One remarkable example of this is when John the Baptist sends his disciples to Jesus asking, “Are you the one who is to come, or should we expect someone else?” (Matt. 11:4).4 Jesus responds by selectively quoting Isaiah 61. Though we can read Jesus’s response as an affirmation,  it also addresses something deeper: the issue of what John and his disciples were expecting. This isn’t the place to unpack the details of John’s messianic expectations and Jesus’s ministry. The point to make is that Jesus’s loving response was to acknowledge the heart of the question. John had “heard about the deeds” (v. 2) of Jesus, but he still wasn’t sure. For Jesus to simply say “Yes, I am the one,” wouldn’t have addressed the longing in John’s question. Jesus addressed the deeper thing behind the question; that is, he answered the question “in love.”
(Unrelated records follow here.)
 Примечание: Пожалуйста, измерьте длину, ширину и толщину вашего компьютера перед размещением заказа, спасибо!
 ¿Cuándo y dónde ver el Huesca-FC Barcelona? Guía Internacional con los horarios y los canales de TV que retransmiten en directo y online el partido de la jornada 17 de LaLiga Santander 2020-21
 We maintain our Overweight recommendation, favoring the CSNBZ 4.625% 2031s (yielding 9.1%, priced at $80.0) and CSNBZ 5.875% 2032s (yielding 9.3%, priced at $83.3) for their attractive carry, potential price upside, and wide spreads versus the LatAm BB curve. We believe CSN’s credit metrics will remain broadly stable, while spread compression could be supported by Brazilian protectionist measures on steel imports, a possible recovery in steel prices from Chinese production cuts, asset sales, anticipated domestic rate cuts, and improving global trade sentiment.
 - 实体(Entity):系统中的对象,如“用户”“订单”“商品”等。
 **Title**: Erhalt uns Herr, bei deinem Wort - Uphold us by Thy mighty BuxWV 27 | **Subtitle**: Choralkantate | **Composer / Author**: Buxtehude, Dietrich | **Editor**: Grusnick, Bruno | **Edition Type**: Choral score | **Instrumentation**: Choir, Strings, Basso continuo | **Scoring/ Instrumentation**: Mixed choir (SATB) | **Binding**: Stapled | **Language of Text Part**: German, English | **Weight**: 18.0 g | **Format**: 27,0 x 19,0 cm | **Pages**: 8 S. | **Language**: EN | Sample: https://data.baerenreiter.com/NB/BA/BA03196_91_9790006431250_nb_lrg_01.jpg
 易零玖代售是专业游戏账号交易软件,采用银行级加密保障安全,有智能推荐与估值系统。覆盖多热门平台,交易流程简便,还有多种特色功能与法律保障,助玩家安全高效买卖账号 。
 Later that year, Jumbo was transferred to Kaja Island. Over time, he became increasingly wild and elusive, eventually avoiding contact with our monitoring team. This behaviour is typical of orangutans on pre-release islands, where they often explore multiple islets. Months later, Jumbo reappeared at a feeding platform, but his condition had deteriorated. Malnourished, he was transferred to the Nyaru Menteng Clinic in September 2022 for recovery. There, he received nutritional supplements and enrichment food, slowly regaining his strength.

The above example is about Jesus answering a question rather than posing one, but it’s still insightful for this reflection. We need to both ask and answer questions “in love.” This means considering the heart of the question, and the heart of the one asking/being asked. Questions are never truly abstract things, even if they sound like they are about abstract concepts. Questions often reach into our very souls (or schemas if you want to stick with that language), and address our fundamental being.  This might not be true of the question “Where is the washroom?” but even a poor answer to this question can have significant consequences—as anyone with small children knows. 5 We should invite and embrace questions that disrupt and help us grow, but they always need to be “posed in love.” And at the end of the day, love needs to be the guiding principle in all this question asking and answering. Every human asks and answers questions, and followers of Jesus are to be known by love (John 13:35). If we’re not asking a question in love, or if the asking of that question will not help us or others grow in love, it might be worth reevaluating whether it’s worth posing in the first place. This also means that the end result of our question asking must result in love, even when we come to different answers.
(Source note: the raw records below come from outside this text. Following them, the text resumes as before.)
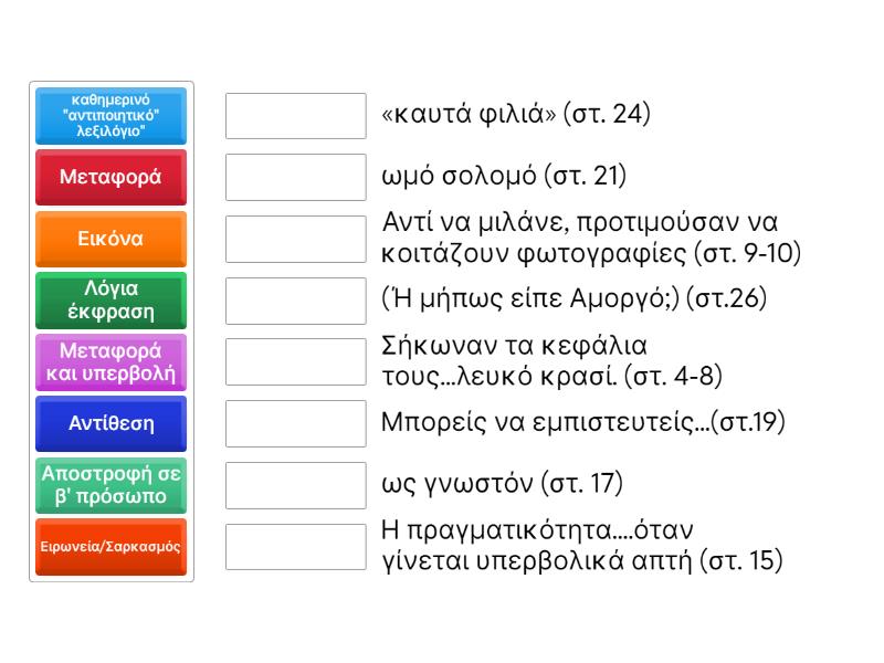 Αντίθεση - Αντί να μιλάνε, προτιμούσαν να κοιτάζουν φωτογραφίες (στ. 9-10), Μεταφορά - Η πραγματικότητα....όταν γίνεται υπερβολικά απτή (στ. 15), Λόγια έκφραση - ως γνωστόν (στ. 17), Αποστροφή σε β' πρόσωπο - Μπορείς να εμπιστευτείς...(στ.19), Ειρωνεία/Σαρκασμός  - (Ή μήπως είπε Αμοργό;) (στ.26), Μεταφορά και υπερβολή - «καυτά φιλιά» (στ. 24), Εικόνα - Σήκωναν τα κεφάλια τους...λευκό κρασί. (στ. 4-8), καθημερινό "αντιποιητικό" λεξιλόγιο" - ωμό σολομό (στ. 21),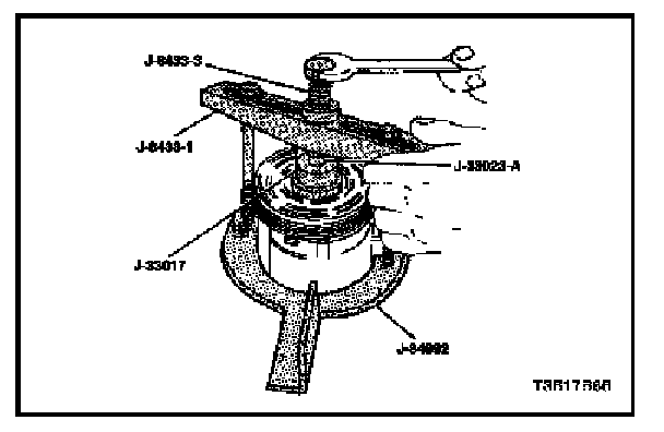 7. Position the puller crossbar J-8433-1 center forcing bolt on the puller pilot J-33023-A and assemble the two through-bolts and the washers through the slots on the puller crossbar J-8433-1. Thread the through-bolts into the holding fixture J-34992. The thread of the through-bolts should engage the full thickness of the fixture.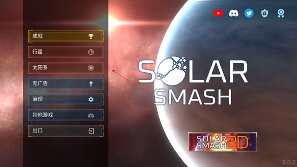 1、来到星球爆炸模拟器这款游戏主界面,点击左侧“太阳系”。
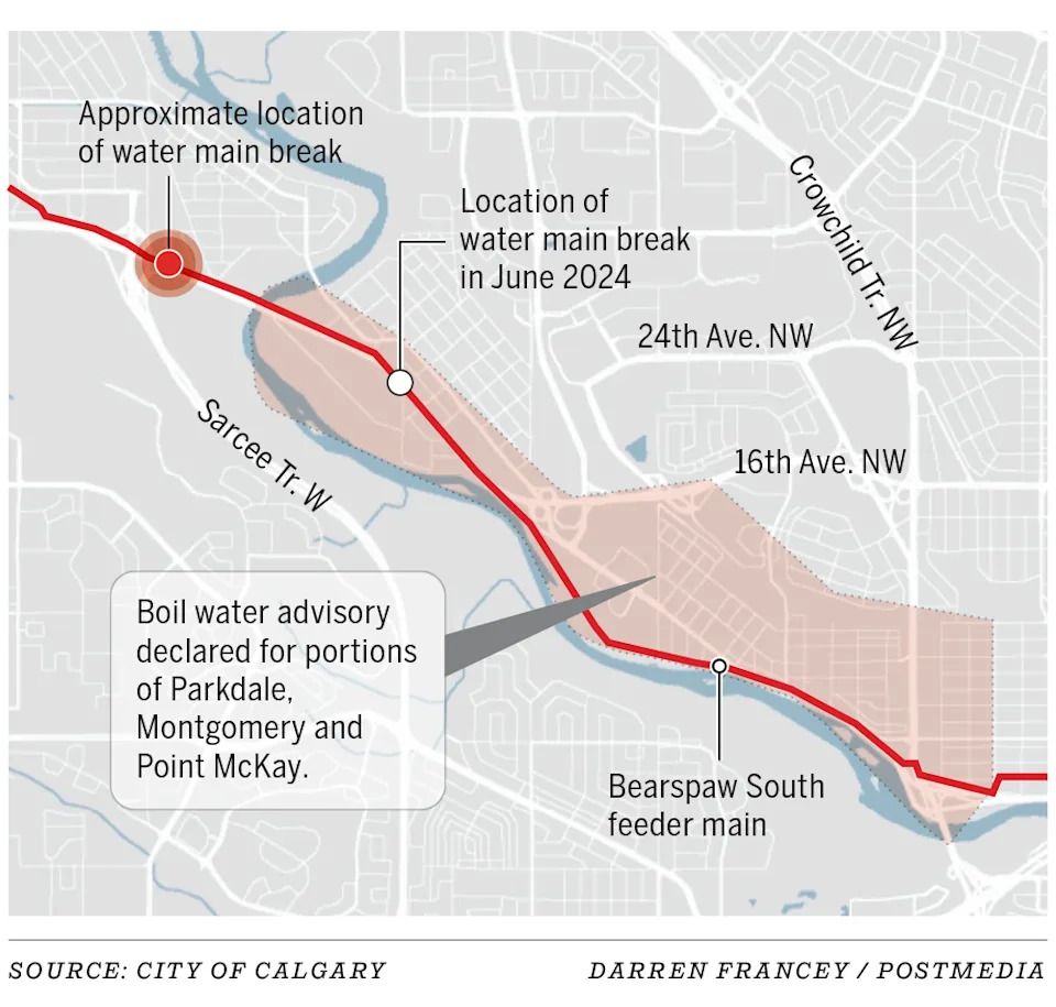 It’s the same feeder main that burst in June 2024, causing a summer-long water crisis that included citywide outdoor watering restrictions and urges from city officials to curb indoor usage to avoid straining Calgary’s water supply.

I experienced the reality of “disrupting questions posed in love” sitting in the atrium. That might not be everyone’s experience. It’s quite possible that others have been disrupted by questions that were not posed “in love.” Some people have experienced questions as an assault that left them disoriented and lost, which is worth lamenting over and seeking to remedy. It’s also possible that others might not like questions as much as I do, and they got a lot more work done in the library. All that may be the case, so I’ll summarize like this: at its best, the atrium-way-of-life provides an opportunity for us to grow and mature when it’s saturated in the love of Jesus. It is at its best when that love infiltrates our “status-flow,” and even the status quo, moving us into places of deeper connection with one another. It is at its best when the end result of our questions is love, whether we agree on the answers or not. Of course, for this to happen we need to make it that way, by God’s grace and led by the Spirit. So even though I’m no longer a student, I’ll still happily find myself in the atrium (or a coffee shop, or church, or my neighbourhood) and gladly be “disturbed” and “disrupted by questions posed in love.”